EXERCISE AIM: Only the lines from the one containing "NH올원뱅크 디깅퀴즈 정답은 운동복을 일상복처럼 연출한 스타일 입니다" through the end of the data are wanted, reproduced exactly and without pictures.

START MATERIAL SHOWN

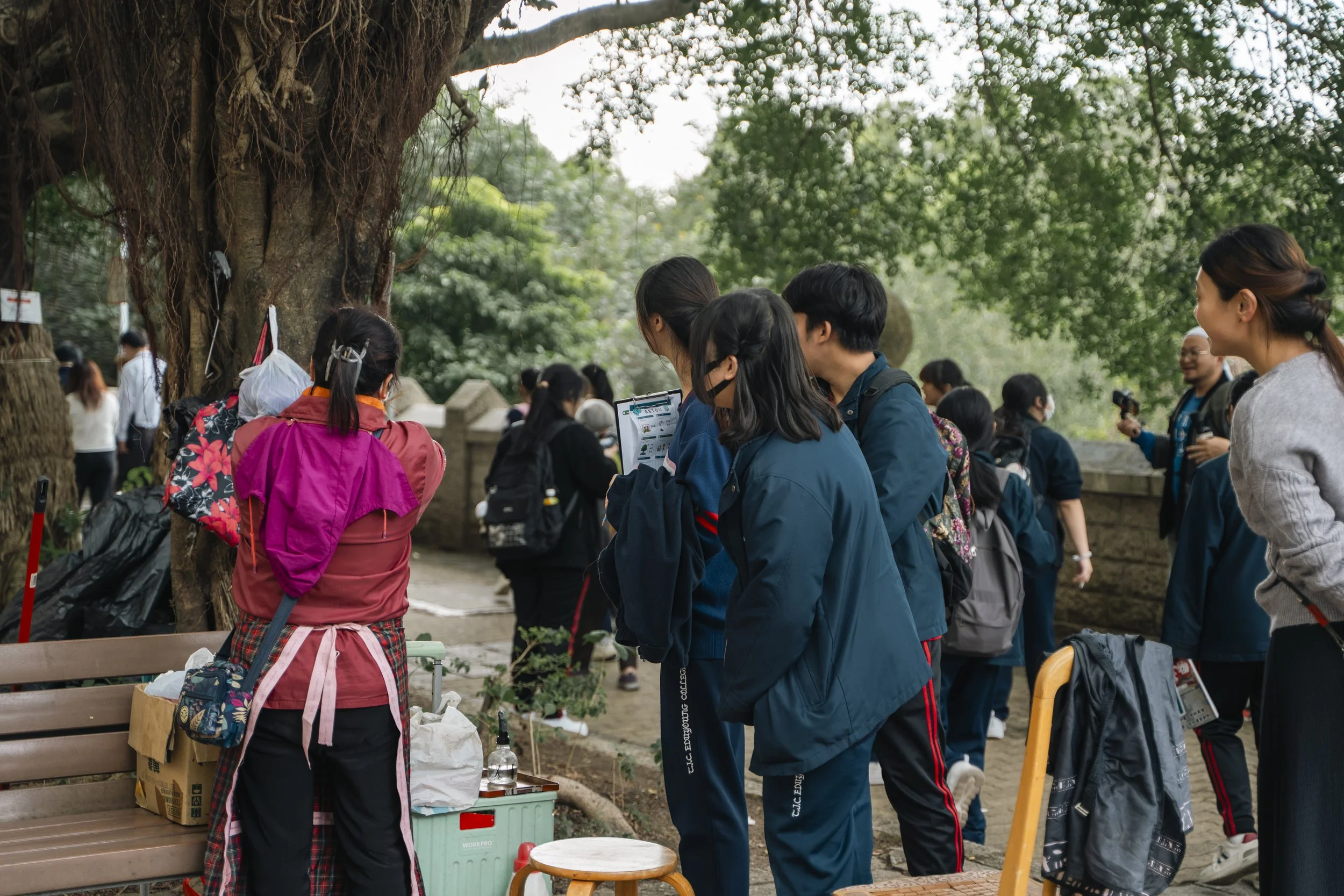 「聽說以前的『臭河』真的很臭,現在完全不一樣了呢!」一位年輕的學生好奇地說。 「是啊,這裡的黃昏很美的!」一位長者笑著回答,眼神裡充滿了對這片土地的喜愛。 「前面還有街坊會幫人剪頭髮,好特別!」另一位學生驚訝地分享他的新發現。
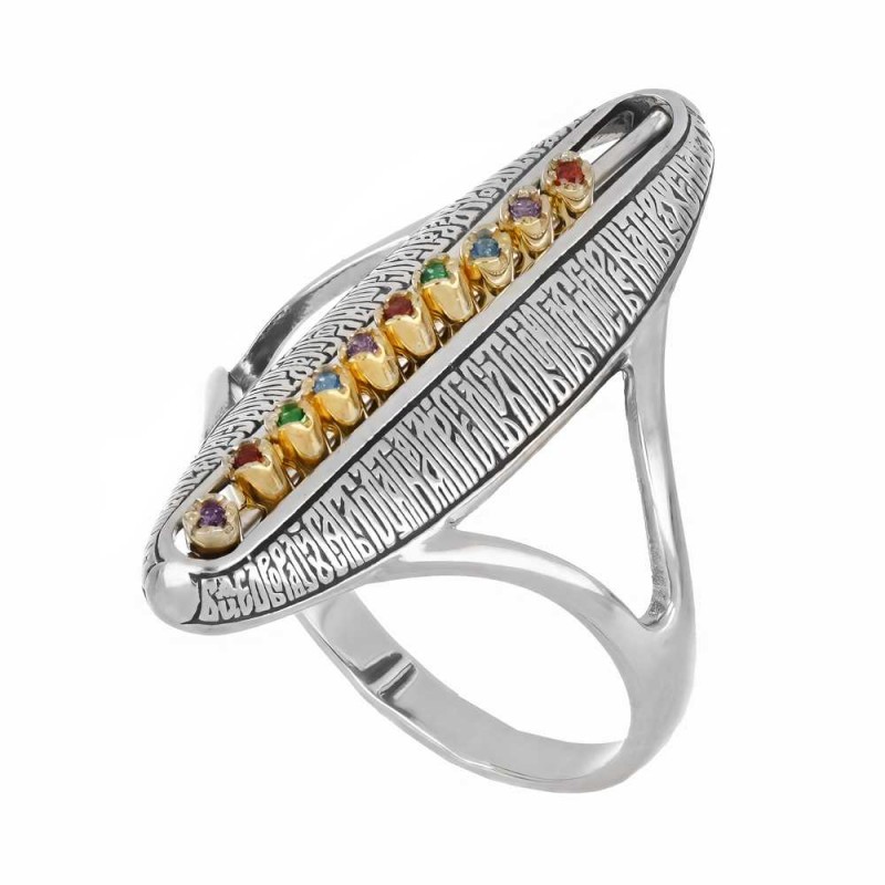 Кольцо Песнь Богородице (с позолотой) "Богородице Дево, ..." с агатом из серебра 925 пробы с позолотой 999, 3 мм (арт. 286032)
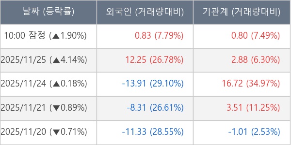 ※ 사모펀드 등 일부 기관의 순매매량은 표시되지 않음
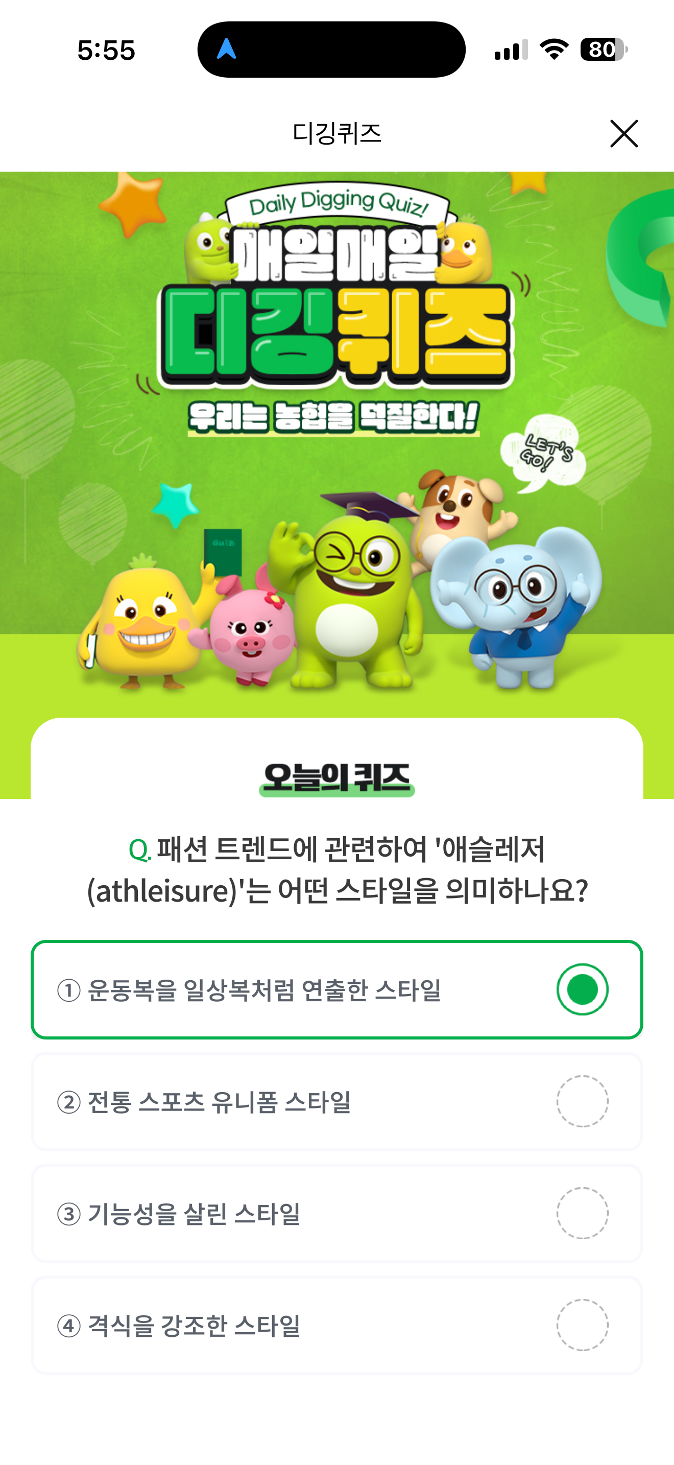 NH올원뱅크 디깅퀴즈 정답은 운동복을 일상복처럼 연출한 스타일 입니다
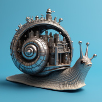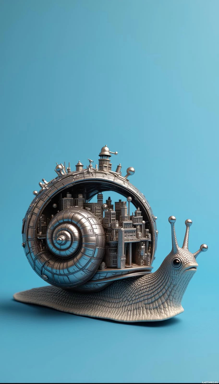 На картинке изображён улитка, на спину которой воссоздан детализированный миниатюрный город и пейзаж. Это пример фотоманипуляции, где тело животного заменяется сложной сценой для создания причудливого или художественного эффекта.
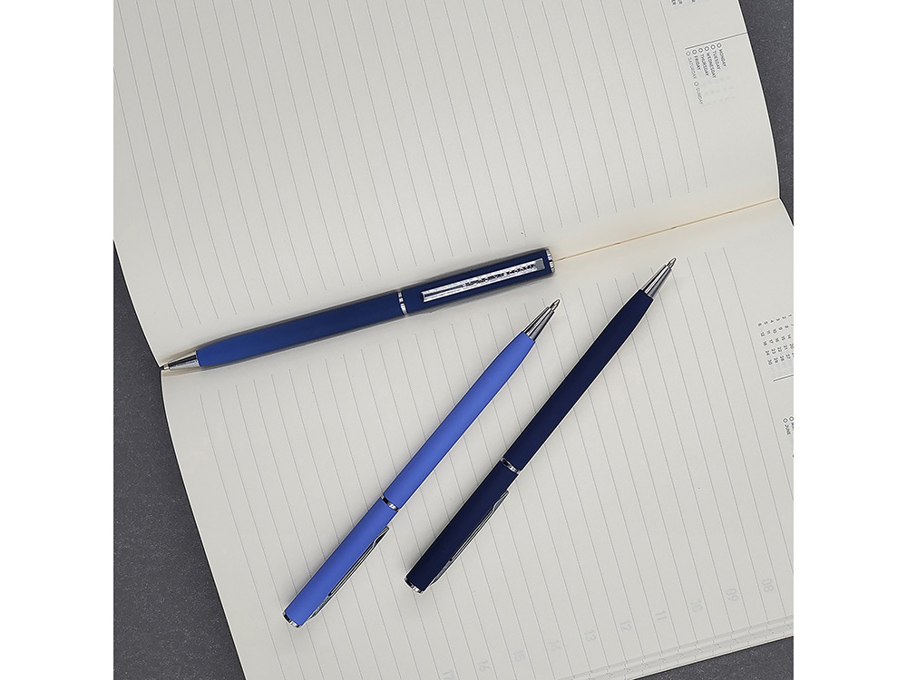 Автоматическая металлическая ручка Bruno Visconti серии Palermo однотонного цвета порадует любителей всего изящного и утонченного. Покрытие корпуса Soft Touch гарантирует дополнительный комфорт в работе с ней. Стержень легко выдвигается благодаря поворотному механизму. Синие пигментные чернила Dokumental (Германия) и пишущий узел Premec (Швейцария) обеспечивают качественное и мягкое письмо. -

END MATERIAL SHOWN

YOUR RESPONSE:
 NH올원뱅크 디깅퀴즈 정답은 운동복을 일상복처럼 연출한 스타일 입니다
 На картинке изображён улитка, на спину которой воссоздан детализированный миниатюрный город и пейзаж. Это пример фотоманипуляции, где тело животного заменяется сложной сценой для создания причудливого или художественного эффекта.
 Автоматическая металлическая ручка Bruno Visconti серии Palermo однотонного цвета порадует любителей всего изящного и утонченного. Покрытие корпуса Soft Touch гарантирует дополнительный комфорт в работе с ней. Стержень легко выдвигается благодаря поворотному механизму. Синие пигментные чернила Dokumental (Германия) и пишущий узел Premec (Швейцария) обеспечивают качественное и мягкое письмо. -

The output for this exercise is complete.